My dad used to make this often, pairing peanut butter and soy sauce for a great Asian-style entree. I like to serve it with roasted veggies and yellow rice.
—GAYLE JEFFERSON LAS VEGAS, NV
PREP: 25 MIN. • GRILL: 10 MIN. • MAKES: 8 SKEWERS (1/2 CUP SAUCE)
1 small onion, chopped
1/4 cup packed brown sugar
1/4 cup water
3 tablespoons reduced-sodium soy sauce
2 tablespoons reduced-fat creamy peanut butter
4 1/2 teaspoons canola oil
2 garlic cloves, minced
1/4 teaspoon ground ginger
1 pork tenderloin (1 pound)
1. In a small saucepan, bring the first eight ingredients to a boil. Reduce heat; simmer, uncovered, 10-12 minutes or until thickened. Set aside 1/2 cup of mixture for sauce.
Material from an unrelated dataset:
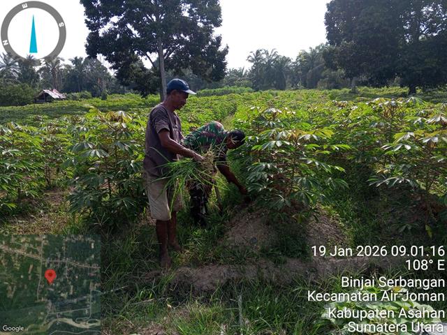 Asahan  |  Dalam rangka untuk meningkatkan taraf perekonomian masyarakat dengan memanfaatkan keberadaan lahan tidur, setiap orang tentu sudah tak asing lagi dengan makanan ubi kayu, tetapi ubi kayu tersebut lebih terkenal dengan nama singkong, dalam kesempatan ini seperti yang dilakukan oleh Personel Bintara Pembina Desa (Babinsa) Koramil 07/Air Joman jajaran Kodim 0208/Asahan Sertu Wagito turun kewilayah binaan untuk melaksanakan pendampingan hanpangan di lahan ubi warga binaan, pendampingan Hanpangan di lahan singkong/ubi, kegiatan Wanwil/Hanpangan kebun singkong, dengan melaksanakan Hanpangan di ladang Bapak Supri seluas 6 Rante, bersama dengan Bapak Supri (Petani) dan Bapak Rusli, kegiatan tersebut yang dilaksanakan bertempat di Lingkungan Xl Kelurahan Binjai Serbangan Kecamatan Air Joman Kabupaten Asahan, Senin (19/01/2026).

2. Cut pork in half widthwise; cut each half into thin strips. Thread pork strips onto eight metal or soaked wooden skewers. Grill, uncovered, over medium-hot heat 2-3 minutes on each side or until no longer pink, basting occasionally with remaining mixture. Serve with reserved sauce.